A lot of data about languages marks the associated language either using its Glottocode (i.e. its identifier according to Glottolog) or its ISO 639-3 code. So often, when merging data from various sources, the issue of mapping between the two code systems comes up.
From the use case of merging data, a one-to-one correspondence would be ideal. Conceptionally, though, the mapping may be many-to-many, and in addition, a ISO 639-3 code may map to a Glottolog (sub)family or dialect, not necessarily a Glottolog language.
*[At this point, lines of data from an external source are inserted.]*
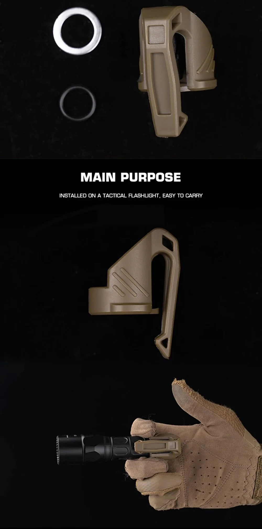 1.Adaptación perfecta: este clip de transporte para linterna tiene un diseño exquisito y puede adaptarse perfectamente a linternas tácticas de varias marcas y modelos, lo que lo hace más cómodo de usar con una compatibilidad extremadamente alta.
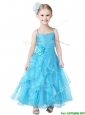 Gorgeous Spaghetti Straps Hand Made Flowers and Ruffles Flower Girl Dress in Organza
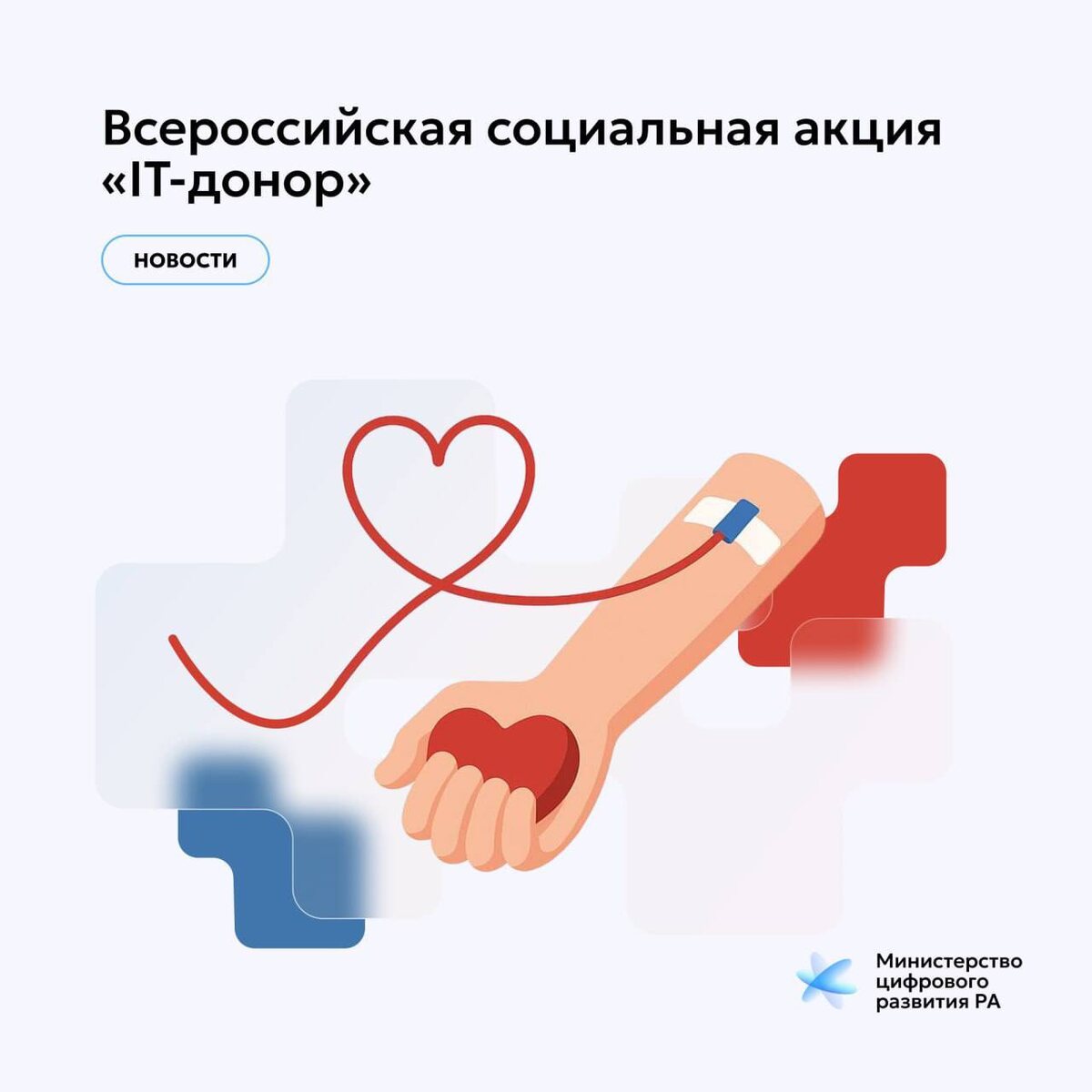 Всероссийская социальная акция «IT-донор» В период с 2 по 7 июня 2025 года состоится 10-я Всероссийская акция «IT-донор» — социальная инициатива, направленная на развитие культуры добровольного донорства среди сотрудников IT-отрасли. Акция проводится дважды в год и в этом году отмечает пятилетие с момента запуска. За время реализации проекта: — сдано более 1700 литров крови; — оказана помощь более 3200 пациентам; — участие приняли свыше 650 IT-компаний и 65 региональных министерств цифрового развития. Принять участие в акции может любой специалист, связанный с IT-сферой. Для этого необходимо сдать кровь в ближайшем пункте в период проведения акции. В 2025 году в рамках инициативы также осуществляется поддержка донорства костного мозга. Дополнительная информация и карта пунктов сдачи крови — на сайте проекта: https://it-donor.club/
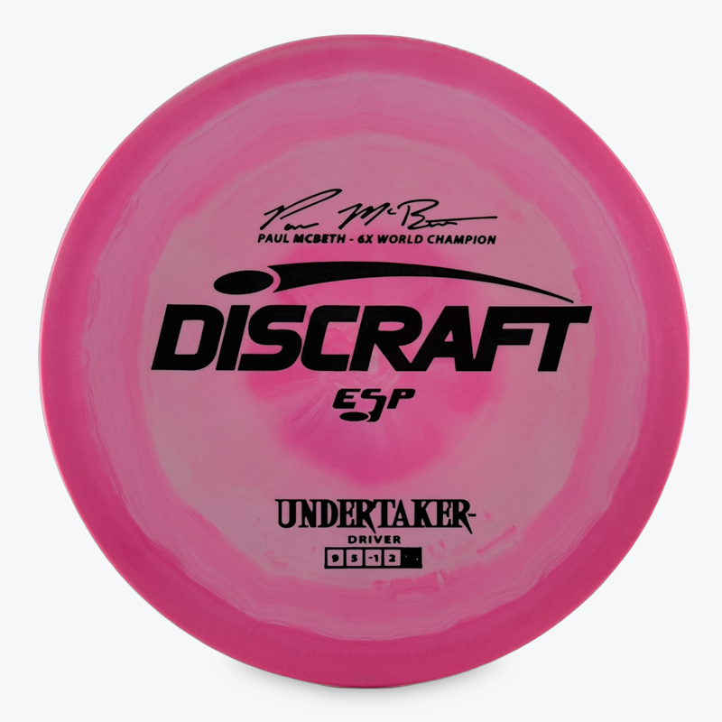 The Discraft Undertaker is a moderately overstable driver released in the summer of 2016. This disc offers some turn in flight, but will finish with a manageable fade. The Undertaker will take on headwinds and offer a flight that can be utilized for both backhand and forehand throws.
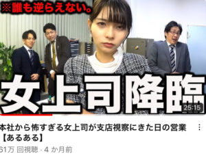 チャンネル登録者数22.6万人(2024年7月現在) YouTubeチャンネル「サラリーマンな日常【あるある】」 準レギュラーで女上司、広瀬役として出演しております。

So a table listing only the one-to-one correspondences may be deceptive.
But since such a table is clearly useful, if only to get done with the simple cases, here is a recipe to create such a mapping dynamically. We use the general information about languages in Glottolog in JSON format. This JSON object contains a member resources listing all Glottolog languages. The information about one language looks like
{
"id": "aari1239",
"identifiers": [
{
"identifier": "aiw",
"type": "iso639-3"
},
{
"identifier": "aar",
"type": "WALS"
},
{
"identifier": "aiw",
"type": "multitree"
}
],
"latitude": 5.95034,
"longitude": 36.5721,
"name": "Aari"
}
Simplifying such an object to
{
"glottocode": "aari1239",
"isocode": "aiw"
}
is a typical task for the excellent jq tool. Turning JSON into csv can be done using csvkit’s in2csv command.
So wrapping up, we can turn Glottolog’s information for languages into a csv file of the form
glottocode,isocode aari1239,aiw aari1240,aay aari1244,aiz ...
with a single command line:
curl "http://glottolog.org/resourcemap.json?rsc=language"\
| jq '[.resources[] | {glottocode: .id, isocode: [.identifiers[]] | map(select(.type == "iso639-3"))[0].identifier}] | map(select(.isocode!=null))'\
| in2csv -f json > glottocode2iso.csv